Entre as situações citadas estão casos de indução, incitação, instigação ou auxílio à violência, à automutilação e ao suicídio.
A fiscalização foi instaurada na última sexta-feira (7), após informações sobre falhas na proteção de menores de idade. A ANPD também informou que recebeu documentos do Discord na segunda-feira (10) e se reuniu com representantes da empresa na terça-feira (11).

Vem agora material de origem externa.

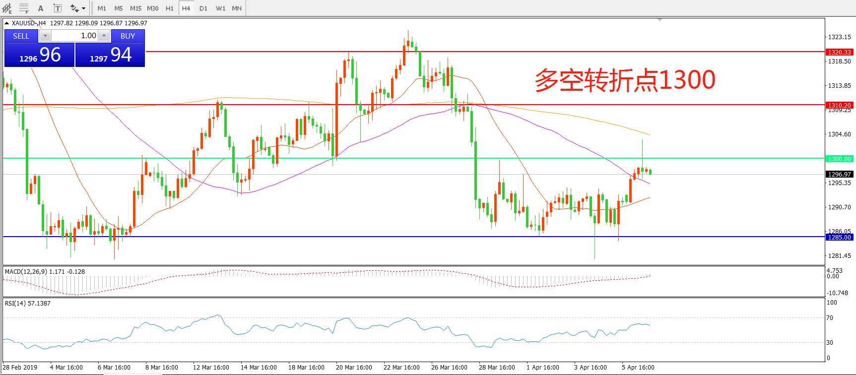 多空转折点:1300.00

De acordo com a agência, o Discord não tem acesso ao conteúdo das transmissões de vídeo enquanto elas acontecem. Com isso, a plataforma não consegue utilizar, durante as transmissões, mecanismos próprios de análise audiovisual e identificação em tempo real de possíveis crimes, dependendo de sistemas automatizados e de denúncias dos usuários.
Dados da SaferNet Brasil citados pela ANPD apontam aumento de 54% nas denúncias envolvendo o Discord nos primeiros sete meses de 2026 em comparação com o mesmo período do ano passado. Foram 405 denúncias neste ano, contra 264 em 2025.

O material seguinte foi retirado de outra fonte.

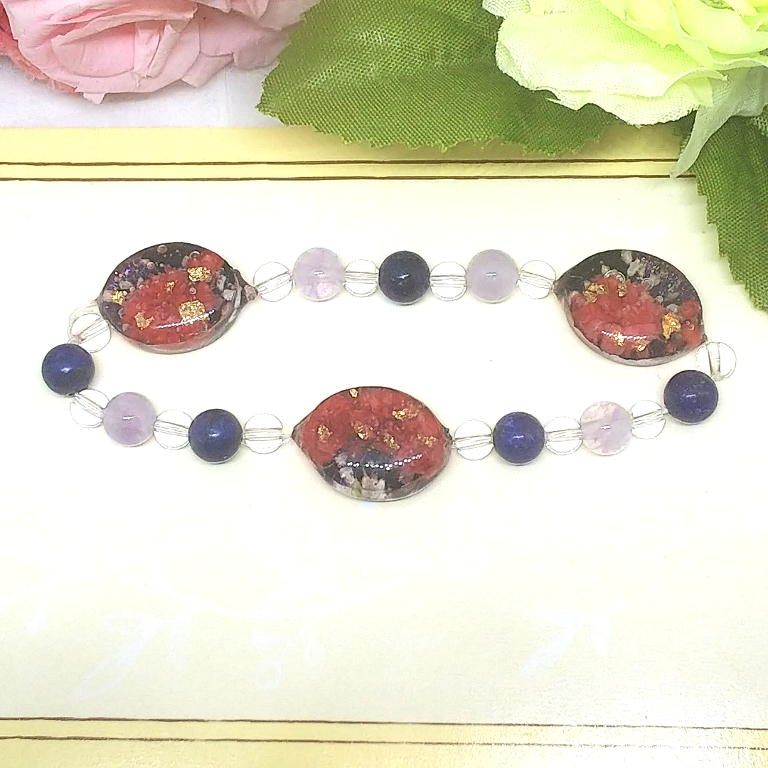 レジン部分はブレスレットとネックレスをペアになるようにデザインしました。ちょっと解りづらいですが、光を当てるとバックは黒と紫のツートンカラーになっています。

A decisão ocorre após o governo federal cobrar da empresa medidas para reforçar a proteção de crianças e adolescentes, incluindo mecanismos de verificação de idade e prevenção de riscos. Na segunda-feira (10), o Discord apresentou à Advocacia-Geral da União uma proposta com ações para ampliar a segurança dos usuários.
A medida também ocorre após críticas públicas relacionadas a casos envolvendo adolescentes na plataforma. Na semana passada, a primeira-dama Janja da Silva defendeu a retirada do Discord do ar após um caso envolvendo uma adolescente de 13 anos que teria sido induzida a cometer suicídio durante uma transmissão.
A ANPD esclarece que o objetivo da suspensão é reduzir riscos considerados graves ou de difícil reparação até que o Discord comprove a adoção de medidas efetivas de proteção para crianças e adolescentes.